What is their structure - consistent, nested, or fragmented across documents? Is there any inherent structure that you should leverage?
How frequently do you plan to add new documents? What size and number of documents are you expecting? Highly frequent updates of document chunks may impact ingestion performance.
How do documents relate to one another?
Do you know the user behavior, and can you expect long queries? Consider the chunk size versus the query size - since you compare these two vectors, this influences the similarity score during retrieval.
Which embedding model do you plan to use in the next step? If you plan to use, e.g., a sentence-transformer embedding model, shorter chunks may help the model focus on more specific and coherent information.

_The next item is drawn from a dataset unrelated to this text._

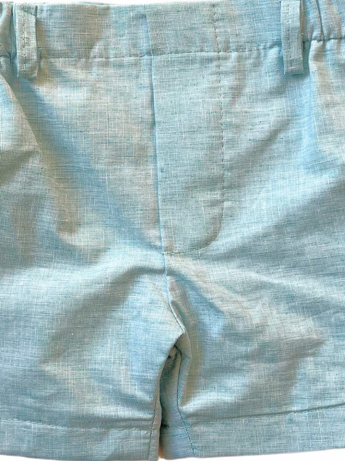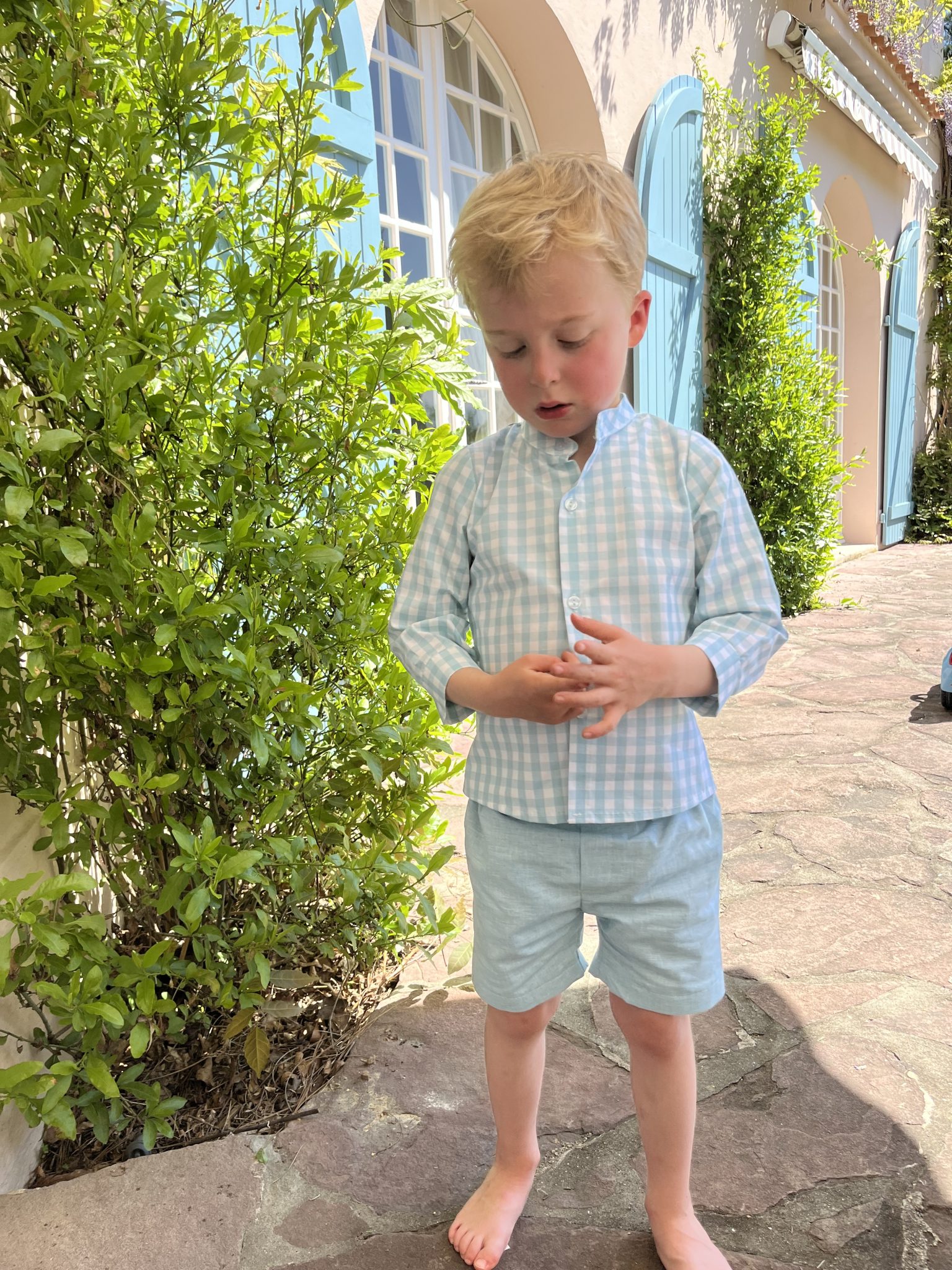 Ce short est une pièce polyvalente qui se marie aisément avec différents styles. Associé à notre chemise à carreaux turquoise, il crée une tenue raffinée idéale. Pour un look plus décontracté, il peut être porté avec un simple t-shirt en coton ou un polo. Sa couleur douce et élégante permet de nombreuses associations, faisant de ce short un indispensable du dressing estival des petits garçons.

Chunking strategies and parameters

Different chunking strategies with varying levels of complexity exist:

The most straightforward chunking strategies are character- or token-based: they simply divide text into smaller units without understanding the relationships between units, e.g., by splitting on “.” or “\n”.
Context-aware chunking provides more meaningful and accurate segmentation by considering the surrounding context. Some examples of this strategy include:
- Sentence-based: Whereas character-based chunking may split up sentences, sentence-based chunking keeps punctuation between sentences in mind, thus preserving more grammatical structure.
- Recursive: This involves breaking down chunks into smaller sub-chunks in a hierarchical manner, reflecting the content's nested structure. A well-known example is the LangChain RecursiveCharacterTextSplitter.
- Specialized: This can include, e.g., taking into account the present structure of a document, such as splitting on headers for an HTML page or other domain-specific rules.
- Semantic: A more recent approach, semantic chunking considers the cohesiveness within the document, dividing the text into semantically coherent, complete chunks. It may, however, be slower than other methods.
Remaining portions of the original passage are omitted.